Sources : René Sturel : Bandello en France au XVIème siècle (1918 ; disponible sur gallica) / Les Histoires tragiques du XVIème siècle. Pierre Boaistuau et ses émules (particulièrement les contributions de Jean-Claude Arnould, Hervé-Thomas Campangne, Philippe Lajarte) / Konstanty Pietrzak Witold – Les histoires tragiques de François de Belleforest et leur réception en France aux XVIème et XVIIème siècles. In : Réforme, Humanisme, Renaissance, n°73, 2011. p. 89-106. / Bruno Méniel in : François de Belleforest, Le Cinquiesme Tome des histoires tragiques, éd. Hervé-Thomas Campangne, Cahiers de recherches médiévales et humanistes / Anthony Glinoer : La littérature frénétique. / Vivre de sa plume au XVIe siècle, de Michel Simonin (1992)

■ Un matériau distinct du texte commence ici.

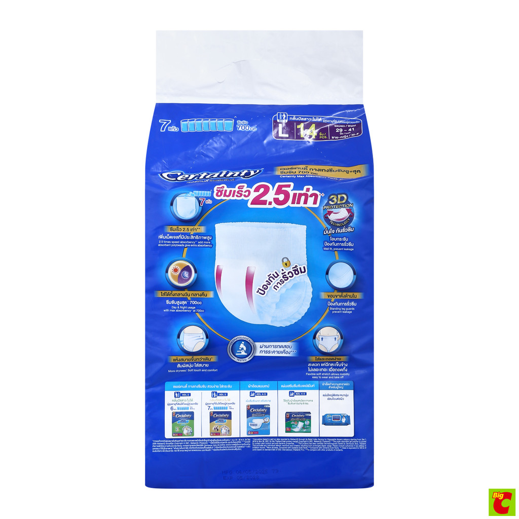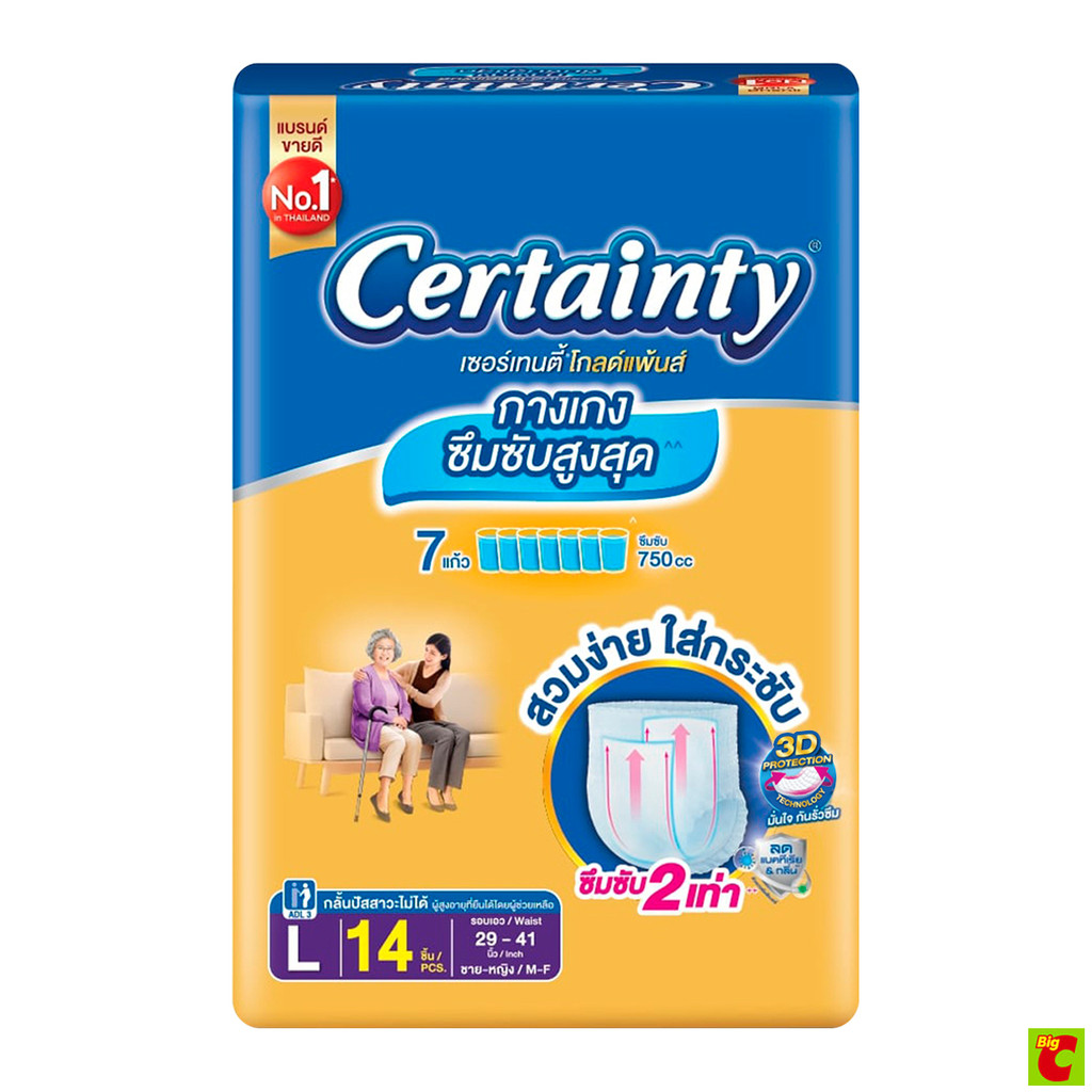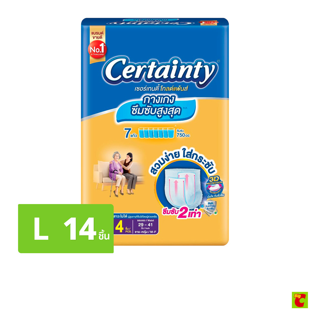 เซอร์เทนตี้ กางเกงโกลด์แพ้นส์ ผ้าอ้อมผู้ใหญ่ ขนาด L แพ็ค 14 ชิ้น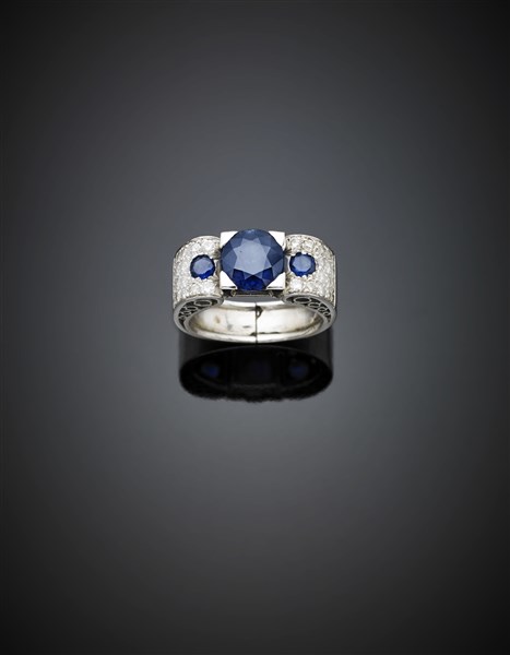 Three round sapphire and diamond pavé platinum ring, central sapphire in all ct. 2.80 circa, diamonds in all ct. 0.65 circa, g 10.62 size 15/55.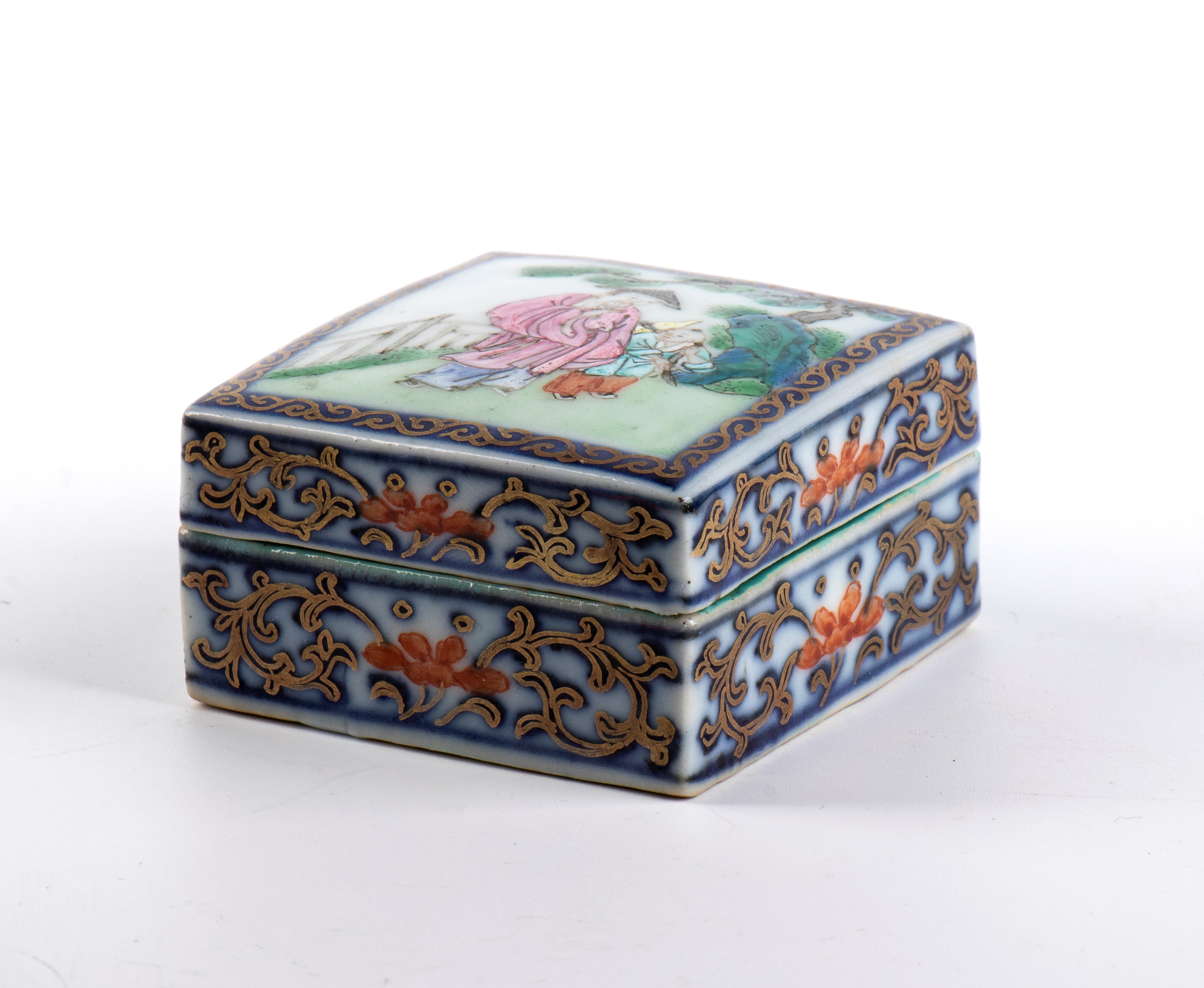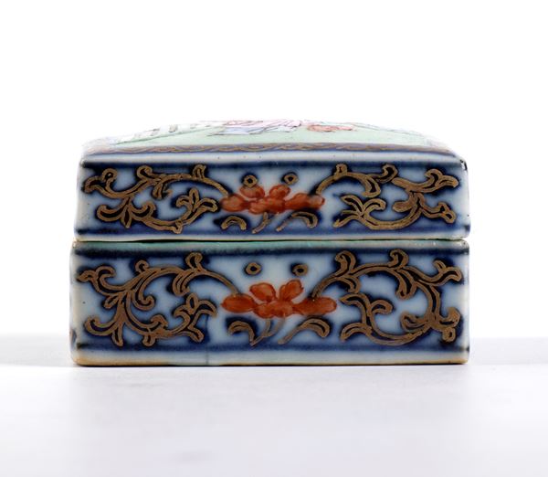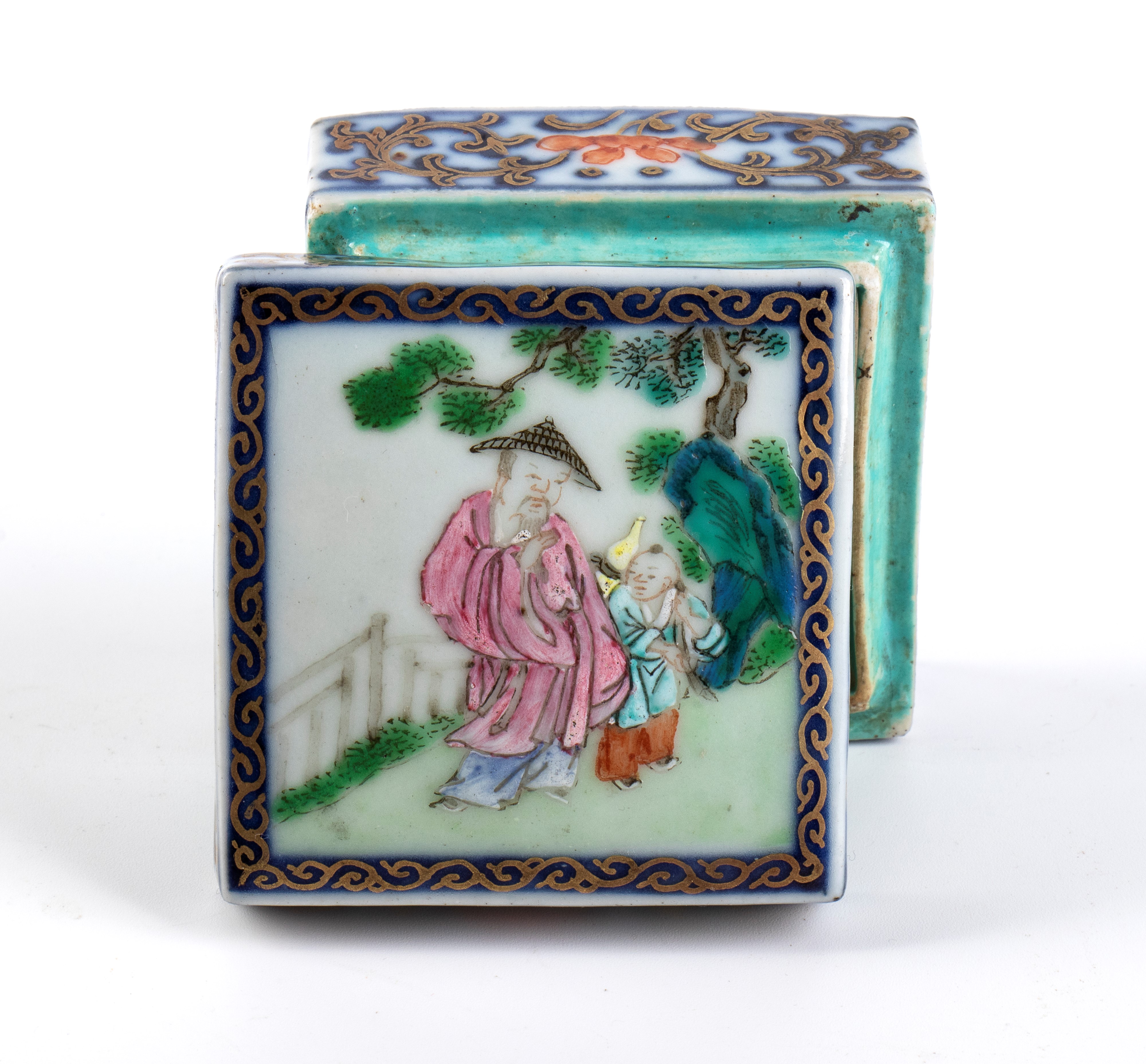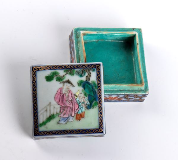 Una rara scatola in porcellana famiglia rosa con una scena dipinta a mano sul coperchio che raffigura un anziano e un bambino in un giardino. La scatola è decorata con un bordo blu e oro e un motivo floreale sui lati.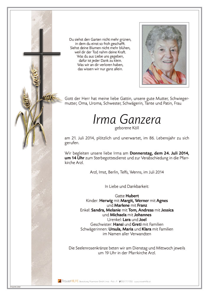 Neue Kerze für Irma Ganzera entzünden.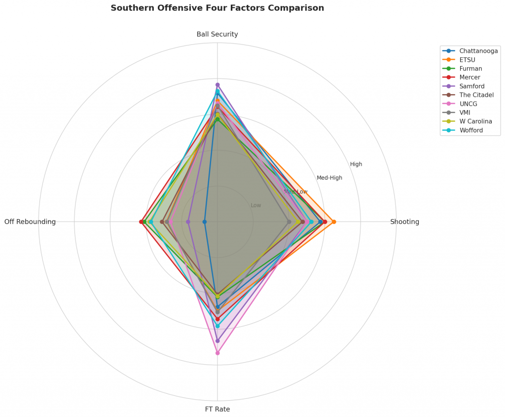 Figure 2: Offensive Four Factors comparison across Southern teams. The radar chart shows each team’s shooting efficiency (eFG%), ball security (TOV%), offensive rebounding (OREB%), and free throw generation (FT Rate).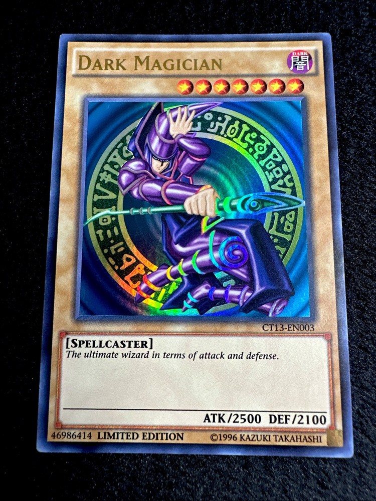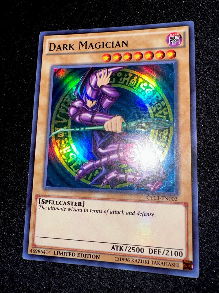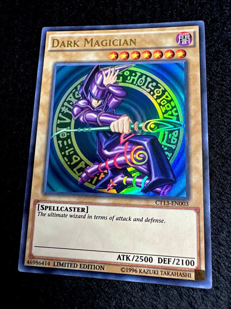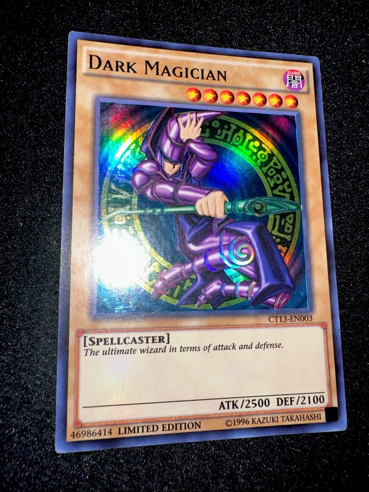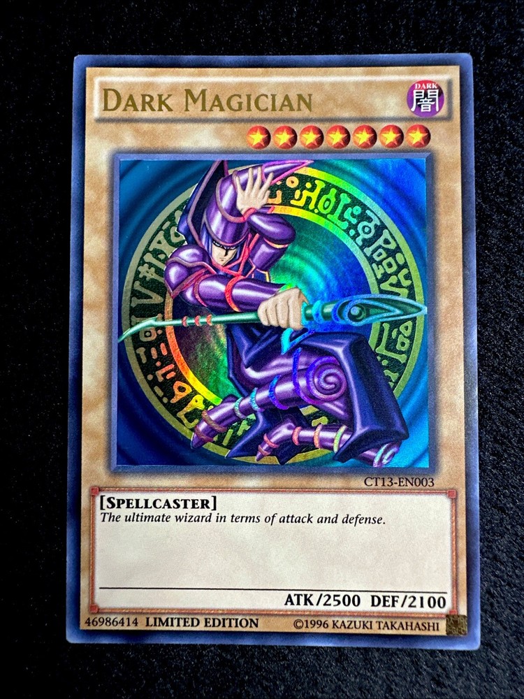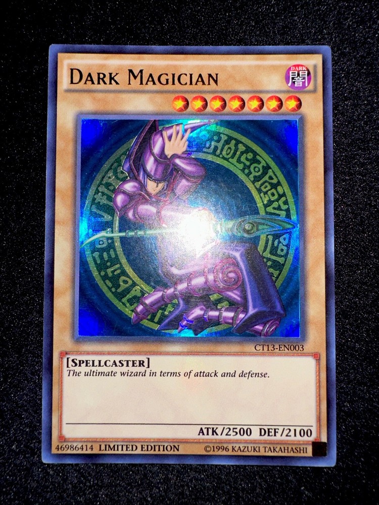 🔥 YUGIOH • DARK MAGICIAN • ULTRA RARE • LIMITED EDITION • CT13-EN003 • VLP 🔥 Card Sleeve Included + Top Loader • VERY LIGHTLY PLAY CARD • Authentic Konami USA Version YOU ARE GUARANTEED TO GET THE CARD NAMED IN THE TITLE. Thank you.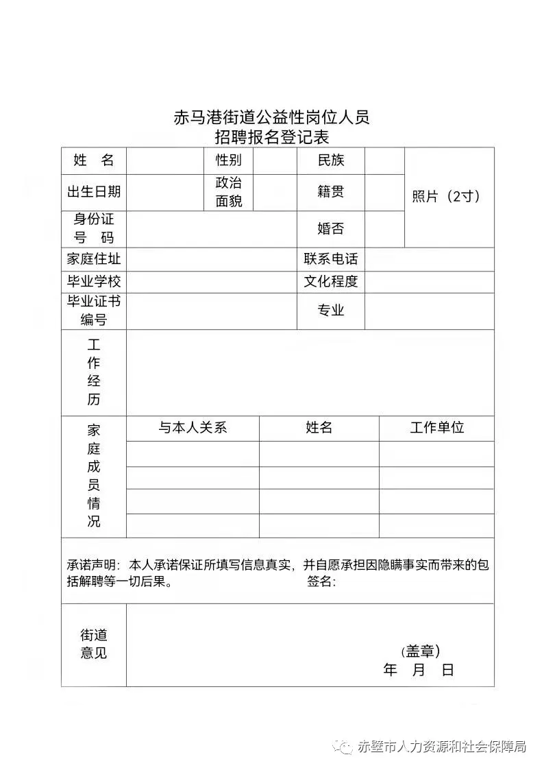(1)赤馬港街道公益性崗位人員招聘報名登記表
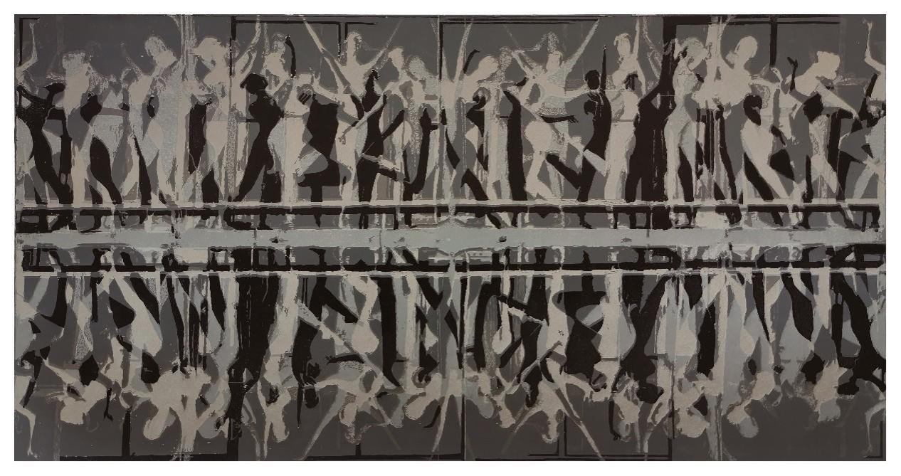 于丽燕 《我们持续的跳着,跳着》套色木刻 62cm×120cm 2019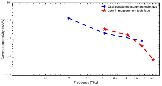 In [,], we have derived the frequency-dependent conversion factor originating from the various imperfections of the setup and compared the estimated average rectified current from the oscilloscope measurements with those from the lock-in. The derived conversion factor is used to compare the two measurement techniques results. Figure 9 shows the comparison between the current responsivity with the oscilloscope and lock-in measurement technique, which shows a very good agreement. We therefore conclude that slow, bolometric thermal detection does not play a noticeable role for the SD detector at least between 3 and 5 THz, where data for both detection mechanisms are available.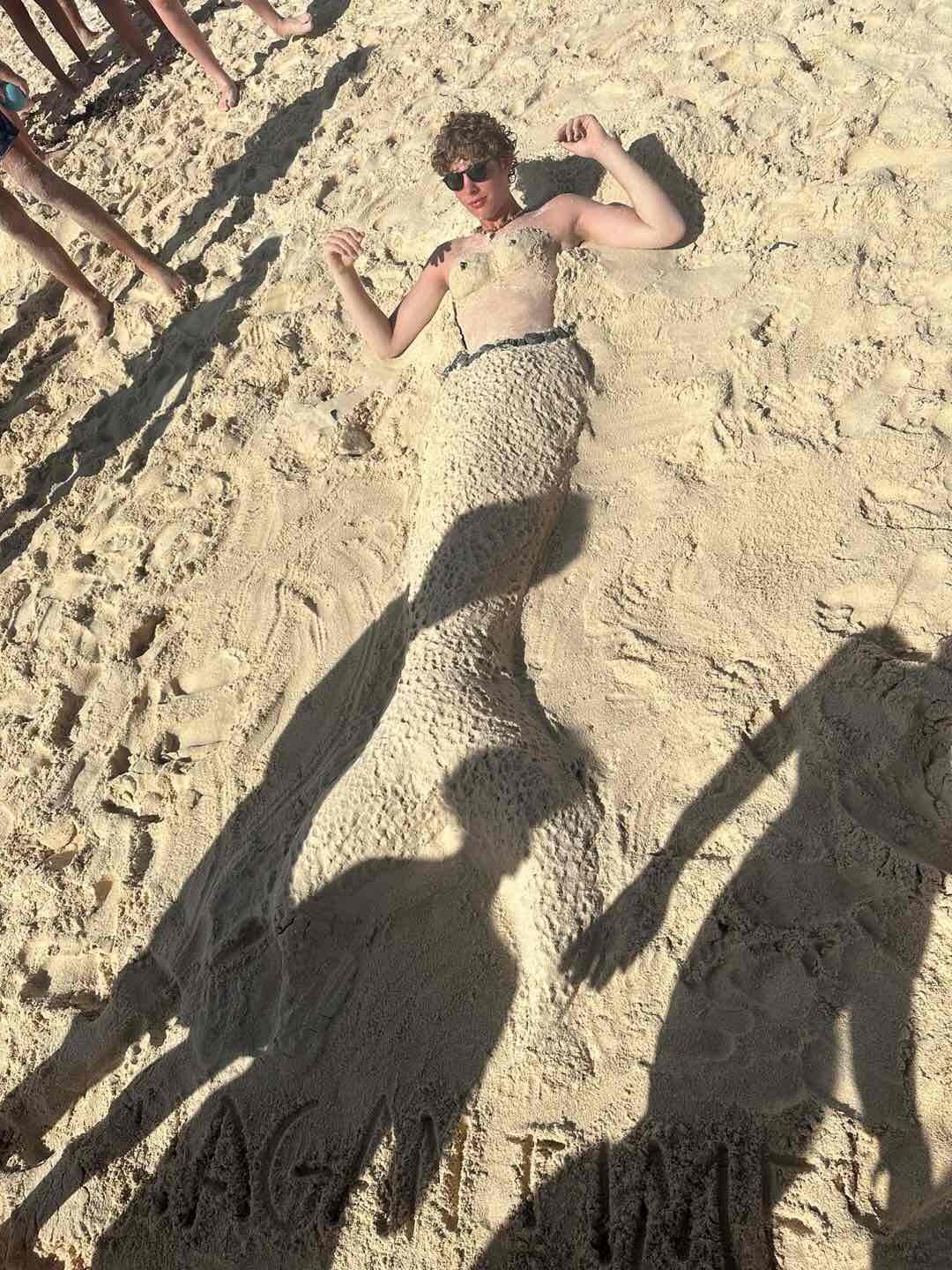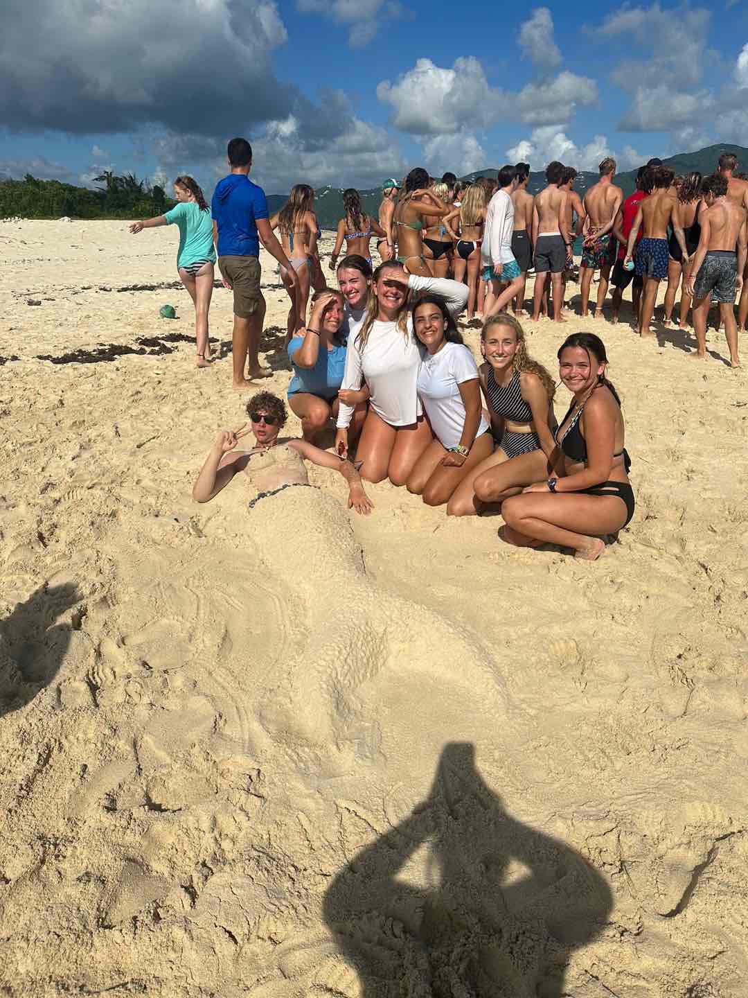 Today, we woke up bright and early at 6 am to our beautiful wake-up song, Shark Reggae (I highly recommend you check it out). We fueled ourselves with cereal before we all decided as a team we would go on a beautiful 6-mile hike with the rest of the fleet. We dingeyed over to Cane Garden and started the hike to the highest point in the BVI’s. Personally the hike started off a wee bit rough because the hike starts very steep. The goat she is, Augusta, offered to carry my backpack while we continued up. It took about 2 hours to get to the highest point of the mountain, where we all drank some delicious banana smoothies and enjoyed the view. It took Addy a bit longer to get up because she got lost looking at cows. But all is well because we came down the mountain to enjoy the town of Cane Garden and enjoyed lunch and some shopping. After lunch, we sailed maybe 20 minutes to a beautiful national park beach, where we participated in the fleet-wide sand-making castle competition. We all came up with the idea for our sand castle to turn Prentice into a sand mermaid. Violet and Grace picked up rocks from the ocean while Augusta and Addy worked on building the tail up. And Gigi enjoyed a nice beach nap. While we didn’t win the competition because it was rigged, we won in our hearts. Dinner was a great fleet-wide barbecue on the beautiful island of Jost Van Dyke, and we all enjoyed chicken and some delicious sides. While Addy, Grace, Prentice, Augusta, Hayes, and I went to buy some souvenirs, Violet and Gigi were tearing up the dance floor. Back on the boat, we were all knocked out because of our very long day, but we were all very excited for tomorrow’s next adventure.

La réunion des sept tomes en reliure uniforme, comme ici, se rencontre très difficilement ; on ne voit quasiment que des tomes seuls ou bien des séries incomplètes. Ainsi, nous n’avons trouvé en tout qu’un autre exemplaire passé sur le marché, à la fois complet des sept volumes et de tous ses feuillets : en 1918 (Catalogue of the Shakespeare Library formed by an english collector, The Anderson Galleries, New-York, 13 et 14 février, n° 62. Les différents tomes sont parus entre 1564 et 1604, à Lyon, Paris, Turin et Rouen). Il est référencé par RBH.

Une série de 7 volumes reliés en 1845 par Niédrée (maroquin rouge), celle publiée à Rouen par Adrian de Launay en 1603-1604, a été cataloguée en 1980 par le libraire Laurence Witten. Cet exemplaire est repassé chez Swann Auction Galleries, lot n° 53, 24 octobre 2024 (RBH). Il manquait les derniers feuillets du tome V (les pages 637-643 et les 3 feuillets de table), qui n’ont pas été reliés. / L’exemplaire vendu par Piasa le 12 mars 2003 (lot 19) était incomplet d’une page de titre. / Celui, vendu chez Leclere le 4 décembre 2018 (lot 51), et repassé en vente le 12 décembre 2019 chez Alde (lot 91) était incomplet du dernier tome. / Il manquait le premier tome à l’ensemble vendu le 11 juillet 2023 chez Peter Kiefer (lot 281) [notons que cette série était sans doute associée à l’origine à une édition complète des histoires prodigieuses, dans des reliures identiques ; le cas n’est d’ailleurs pas unique] / La série vendue le 18 juin 2025 par l’antenne parisienne de Sotheby’s contient 5 tomes publiés à Turin ou Lyon entre 1570 et 1576 (vente De Grolier à Godard, lot 25, vélin d’époque) / Enfin, un exemplaire en vente sur eBay en 2025 était incomplet de la moitié du deuxième tome et de quelques feuillets du premier, remplacés par un texte manuscrit. Cet exemplaire relié en plein veau glacé du XVIIe siècle possédait à l’origine 13 volumes, 6 des 7 tomes ayant été répartis dans deux reliures (pseudo du vendeur : coctail75 bloodymary). Lieux d’édition : Lyon et Rouen.

* Cette fiche reprend en les complétant les informations correspondantes de l’introduction.

** Y2 15975-81 (BNF) et VI-C-020 – 026 (Bibliothèque du château de Chantilly) pour les deux autres.